===== Data below =====

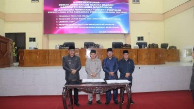 Rapat paripurna itu dipimpin Ketua DPRD Bolmong Welty Komaling, didampingi 2 Wakil Ketua yakni Sulhan Manggabarani dan Sukron Mamonto serta dihadiri para anggota DPRD lainnya.
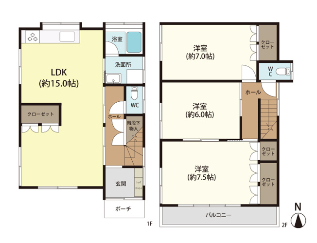 静かな住宅街にございます。2階まで暖かな日差しが差し込む戸建てです。
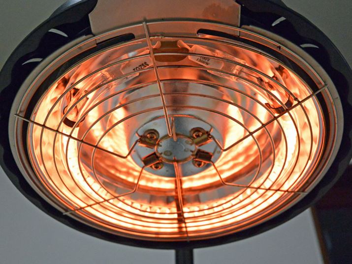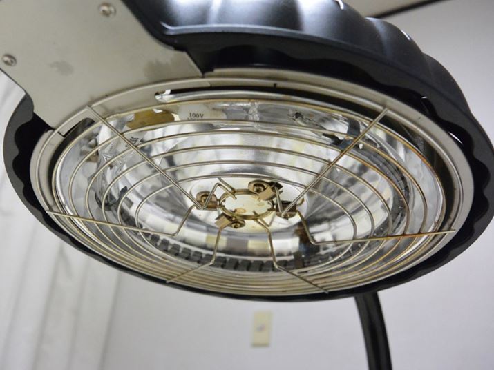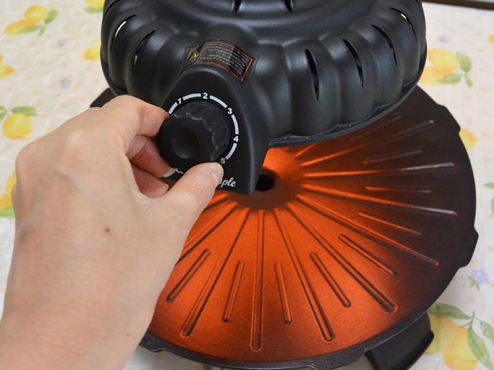 ダイヤルを回すと、カーボンヒーターが点灯。ダイヤルは「1」〜「5」で設定できるようになっているが、放射される赤外線の温度が変わるわけではない。サーモスタットが搭載されており、本体温度をもとにヒーターをON/OFFすることで加熱具合を調整。ダイヤルの数字が大きいほどヒーターがOFFになる設定温度が上がり、数字が小さいほど設定温度が下がる
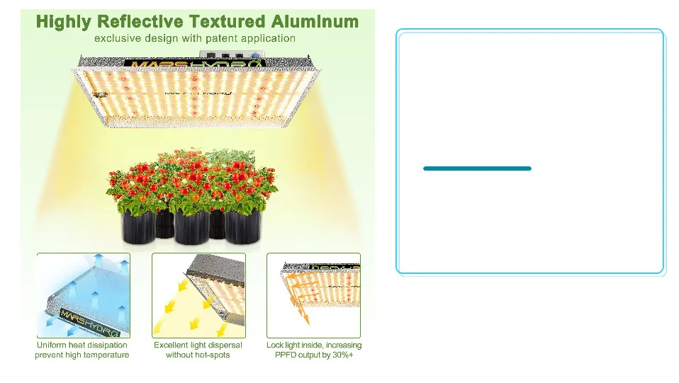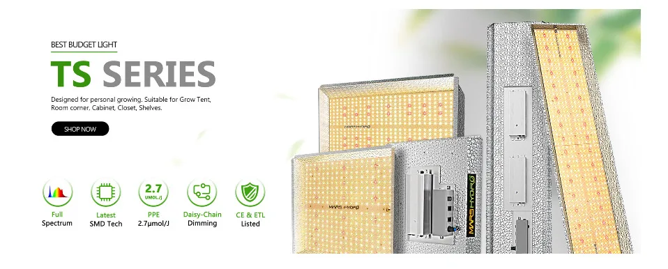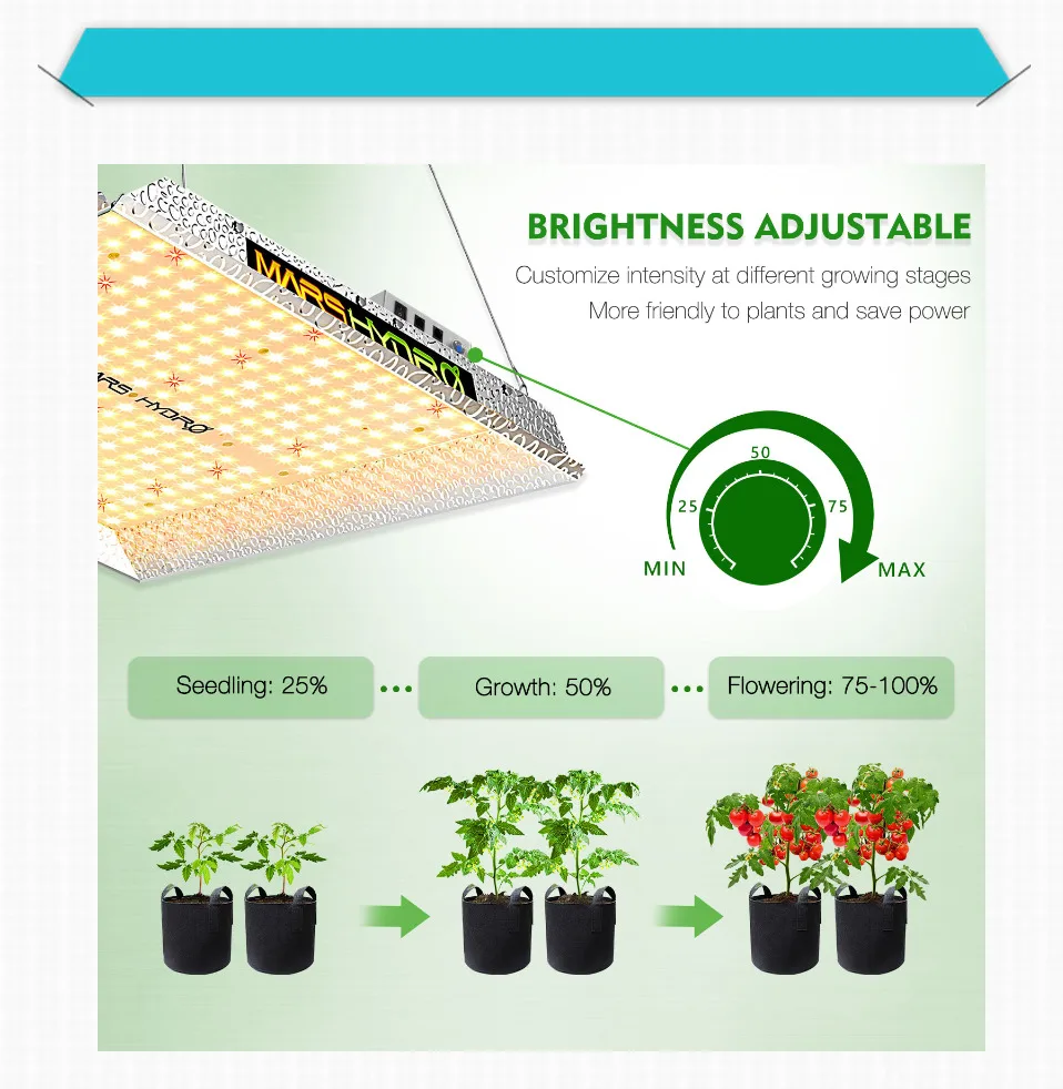 Mars Hydro TS Series светильник s-это самый высокий светодиодный светильник, доступный в прошлом году. Новейший SMD СВЕТОДИОДНЫЙТехнология обеспечивает наивысший PAR/LUMEN выход, предназначен для замены трандионального HPS светильник, максимальный выход2,4 g/w делает вас получить 30% высокий выход сравните старый blurple светодиодными лампами.

=====

Without any pictures, transcribe the listing above exactly as written.

 Rapat paripurna itu dipimpin Ketua DPRD Bolmong Welty Komaling, didampingi 2 Wakil Ketua yakni Sulhan Manggabarani dan Sukron Mamonto serta dihadiri para anggota DPRD lainnya.
 静かな住宅街にございます。2階まで暖かな日差しが差し込む戸建てです。
 ダイヤルを回すと、カーボンヒーターが点灯。ダイヤルは「1」〜「5」で設定できるようになっているが、放射される赤外線の温度が変わるわけではない。サーモスタットが搭載されており、本体温度をもとにヒーターをON/OFFすることで加熱具合を調整。ダイヤルの数字が大きいほどヒーターがOFFになる設定温度が上がり、数字が小さいほど設定温度が下がる
 Mars Hydro TS Series светильник s-это самый высокий светодиодный светильник, доступный в прошлом году. Новейший SMD СВЕТОДИОДНЫЙТехнология обеспечивает наивысший PAR/LUMEN выход, предназначен для замены трандионального HPS светильник, максимальный выход2,4 g/w делает вас получить 30% высокий выход сравните старый blurple светодиодными лампами.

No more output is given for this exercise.